The kit may further include DNA polymerase and predetermined primers for amplifying target DNA. DNA amplification may be to amplify a target sequence within a target nucleic acid, or may be performed to increase the accuracy of diagnosis by further enhancing the intensity of the signal generated by decomposition of labeled ssDNA. DNA amplification may be performed before the step of treating the Cpf1 mutant protein in the sample to be detected.

Meanwhile, the Cpf1 mutant protein has high trans-cleavage activity, so it can effectively detect target nucleic acids without performing a DNA amplification step. Even if a DNA amplification step is performed, the target nucleic acid can be detected even with a short amplification time. . Accordingly, it can provide advantages in terms of detection time and cost.

As described above, the Cpf1 mutant protein can effectively detect target nucleic acids, and therefore, the Cpf1 mutant protein of the present invention can be used for SNP detection, cancer diagnosis, bacterial infection diagnosis, and viral infection diagnosis.

Since the Cpf1 mutant protein, the polynucleotide encoding the Cpf1 mutant protein, the vector, and the complex have been described above, detailed descriptions will be omitted.

Additionally, the present invention can provide a method for detecting a target nucleic acid using a Cpf1 mutant protein.

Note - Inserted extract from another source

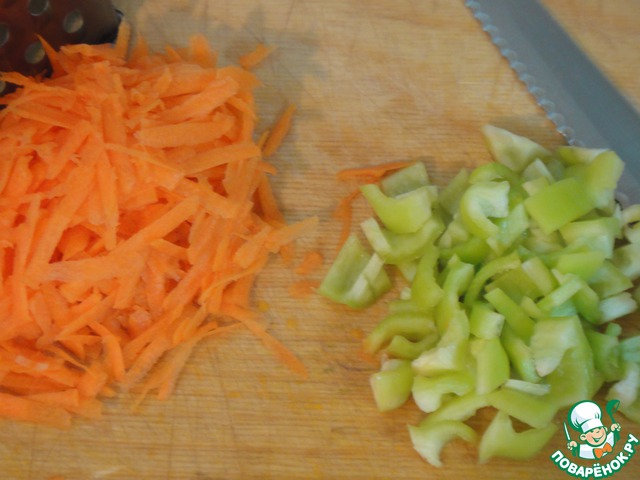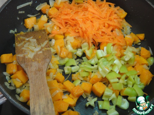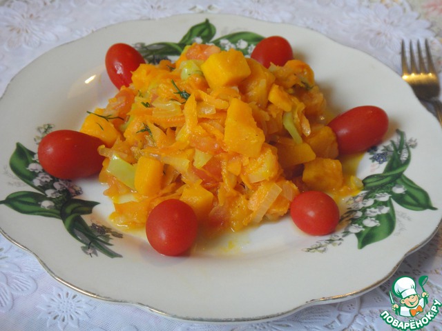 Добавить морковь и перец к тыкве, продолжать тушить. При необходимости добавить немого воды

The target nucleic acid detection method may include treating a sample with at least one selected from the group consisting of a Cpf1 mutant protein, the polynucleotide, the vector, and the complex. Cpf1 protein can be processed in the form of complexes with proteins, polynucleotides, vectors, and guide RNAs.

The sample is a sample to be detected to determine whether the target nucleic acid is present. For example, the sample to be detected may be a sample isolated from an animal, including a human, or a plant, but is not limited thereto. The plant may be a plant for which genetic information is known. For example, it may be blood, serum, urine, saliva, skin, plant tissue, etc. isolated from animals, including humans.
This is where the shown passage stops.